[Start of Attachment]
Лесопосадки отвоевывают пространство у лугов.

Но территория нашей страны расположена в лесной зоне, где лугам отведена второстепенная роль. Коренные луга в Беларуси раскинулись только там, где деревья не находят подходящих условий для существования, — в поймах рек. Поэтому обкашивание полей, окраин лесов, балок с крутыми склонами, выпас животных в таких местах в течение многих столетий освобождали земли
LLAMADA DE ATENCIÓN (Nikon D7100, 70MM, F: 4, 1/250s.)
[End of Attachment]
[Start of Attachment]
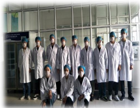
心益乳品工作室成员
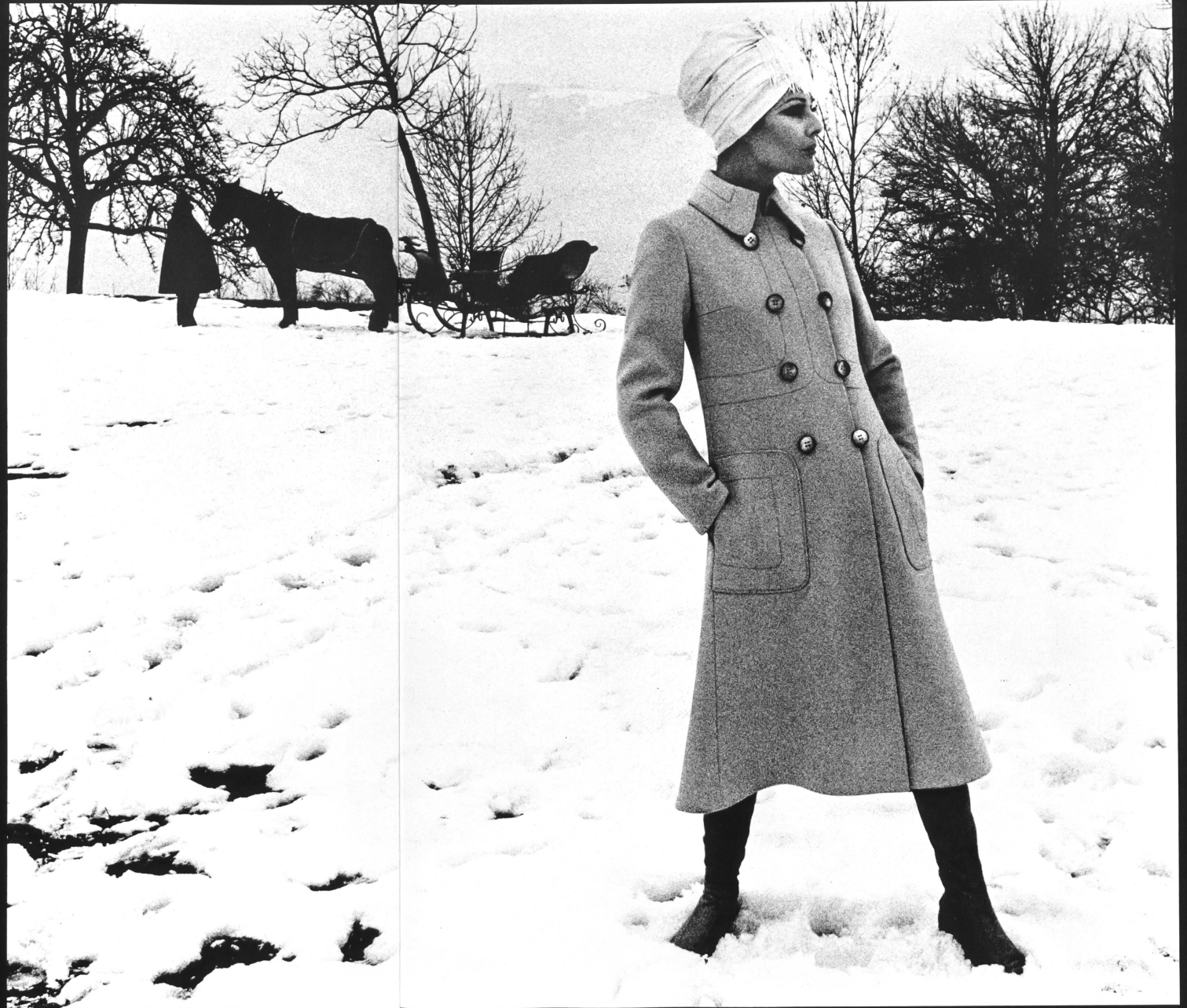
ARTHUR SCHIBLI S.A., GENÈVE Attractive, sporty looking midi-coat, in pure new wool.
[End of Attachment]
▶ [The problem]
Reproduce exactly the entries above, limited to the lines from the one with "Лесопосадки отвоевывают пространство у лугов." through the one with "LLAMADA DE ATENCIÓN", both included.

▶ [Output of the task]
Лесопосадки отвоевывают пространство у лугов.

Но территория нашей страны расположена в лесной зоне, где лугам отведена второстепенная роль. Коренные луга в Беларуси раскинулись только там, где деревья не находят подходящих условий для существования, — в поймах рек. Поэтому обкашивание полей, окраин лесов, балок с крутыми склонами, выпас животных в таких местах в течение многих столетий освобождали земли
LLAMADA DE ATENCIÓN (Nikon D7100, 70MM, F: 4, 1/250s.)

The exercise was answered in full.